State Board of Elections

Agency overview
- Formed: June 1, 1974
- Jurisdiction: New York (state)
- Agency executive: co-chair; co-chair; co-executive director; co-executive director;
- Parent department: New York State Executive Department
- Key document: Consolidated Laws of New York;
- Website: www.elections.ny.gov

= New York State Board of Elections =

Government agency

The New York State Board of Elections is a bipartisan agency of the New York state government within the New York State Executive Department responsible for enforcement and administration of election-related laws. It also regulates campaign finance disclosure and limitations through its "fair campaign code".

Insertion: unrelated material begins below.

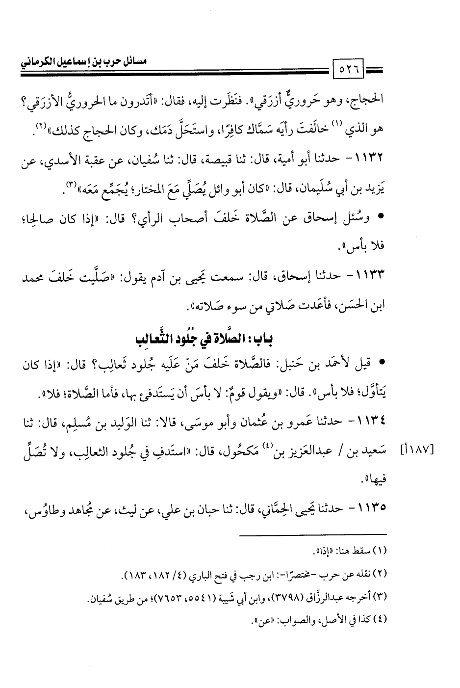 كتاب مسائل حرب الكرماني كتاب الطهارة والصلاة - ت السريع

The State Board of Elections has four commissioners, all appointed by the Governor of New York: For the first two seats, the chairs of the two major political parties each submits a list of two or more recommended candidates, from which the governor appoints one commissioner. For the remaining two seats, each major political party's state legislative leadership submits a recommended candidate, which the governor appoints as commissioner; but if the governor declines or rejects appointing that candidate to a vacancy, the legislative leadership can either appoint the recommended candidate directly, or recommend another person to the governor instead.

In addition to the State Board of Elections, there is also a 2-member or 4-member board of election in each county, except for the five counties covered by the single, 10-member New York City Board of Elections.